Although at first glance network-wide capacity planning seems to be required for only Internet service providers (ISP), it also applies to any intranet that offers SLAs to customers. The users of the ISP's network are external customers who signed a contract, whereas customers of an intranet are internal users with an implicit contract. In other words, related to capacity planning, the difference between enterprise and service provider networks is merely a question of terminology. Enterprise companies manage applications for internal users, where SLAs might have been defined. A service provider manages services for external customers with a negotiation on specific SLAs. Although terminology differences between enterprises and service providers exist, the applications/services offered might actually be the same: VoIP traffic, video, business-critical. Figure 14-1, which displays an ISP network, could easily be modified for an enterprise network as follows: the server farms are called data centers, the PoPs are called remote offices, and the core network becomes a Layer 2 or Layer 3 MPLS service offered by an ISP. One observation is that networks designed for specific SLA definitions should ensure that these SLAs are guaranteed—closely monitored, with violations reported.

Network performance monitoring requires knowledge of the core traffic matrix—specifically, to determine if the SLAs are respected during connectivity problems in the network. An ISP that wants to propose SLAs to its customers should first evaluate network performance parameters such as delay, jitter, and packet loss under normal operation. The results, adjusted with extra tolerance (for example, the 95th percentile), are turned into an SLA based on marketing and business requirements. On top of being able to provide specific SLAs at the current time, network-wide capacity planning is required to evaluate whether the SLAs will still be respected in a month, 6 months, or a year based on the new traffic extrapolation.

The next important question is whether the SLAs will still be respected in case of a link or router problem. Even if the Mean Time Between Failures (MTBF) metric improves over time, you can never completely eliminate nonfaulty network modules, malfunctioning routers, link outages, or human errors. A relatively simple software bug can also cause severe performance degradations. Therefore, assuming 100 percent availability at the network elements level is an unrealistic scenario. Note that high-availability functions such as device and link redundancy, backup operations centers, and clear procedures can help you get closer to 100 percent availability.

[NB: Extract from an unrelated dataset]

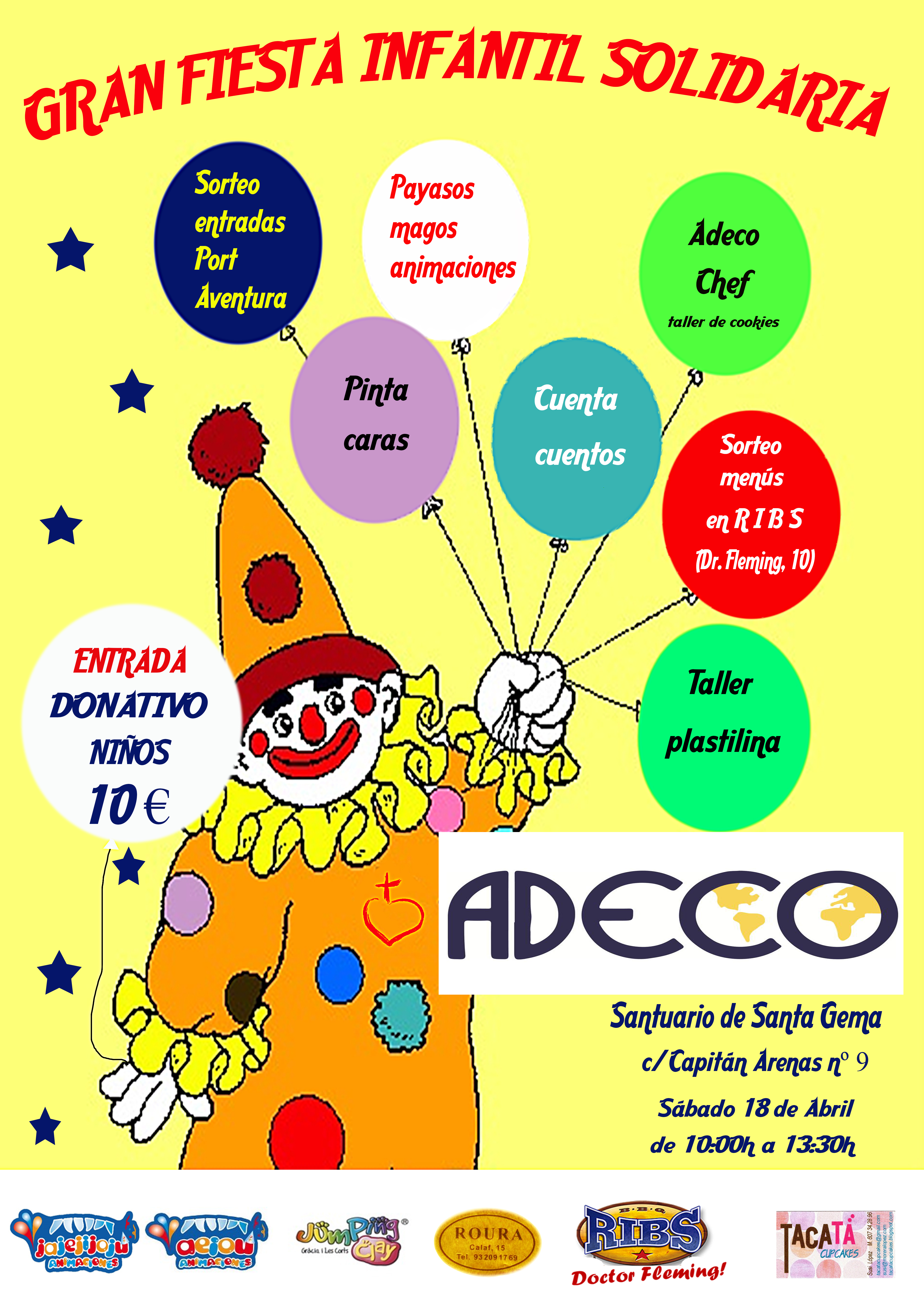 Ajudar a qui més ho necessita i gaudir amb els més petits d’una jornada familiar amb pallassos, mags, animacions infantils, taller de cokies, pinta cares, contacontes, taller de plastilina i sorteig de menús a RIBS, entrades a Port Aventura!!!

You should evaluate the SLA during network problems by combining the core traffic matrix with a simulation tool. The core traffic matrix is a table that shows the traffic volumes between the traffic origin and destination in a network. The core traffic matrix can either represent the current traffic (based on the current measurements) or consider future needs by multiplying the current core traffic matrix by a factor that represents the traffic growth. By adding this information to an application that takes into account the network topology and routing information, you can visualize the traffic flows related to the topology. If the tool also includes the link speeds, it can deduce and display link utilization with a color scheme. This allows quick visual discovery of (future) bottlenecks in the network. The simulation function of such a tool is another relevant part. When link or router problems are simulated, the routing information is recomputed, and the data from the core traffic matrix is mapped to the new topology and routing information. Next, new potential bottlenecks are calculated, and the question "Will the traffic still reach the destination in case of a network link or router failure?" can be answered. An important question can be answered afterward: "During a network or link failure, will the traffic for certain SLAs still be transmitted with the defined performance parameters?" Indeed, if during a short network outage the traffic of the gold, silver, and bronze classes is unaffected and only the best-effort traffic is influenced, at least the SLAs are respected, and no penalties need to be paid to the customers. Simulating possible what-if catastrophic scenarios in the network is the best way to proactively analyze whether the SLAs are respected during major outages. After the different scenarios have identified the potential (future) weakest points in the network, the administrator should select one or several of the following actions, depending on the defined SLAs and monetary resources:

Increase the link bandwidths
Tune the IGP metrics
Invest in high-availability solutions
Introduce traffic engineering (see the section "Traffic Profiling and Engineering" in Chapter 1)
Adjust the BGP exit points (see the section "Peering and Transit Agreements" in Chapter 1)
Develop load-balancing strategies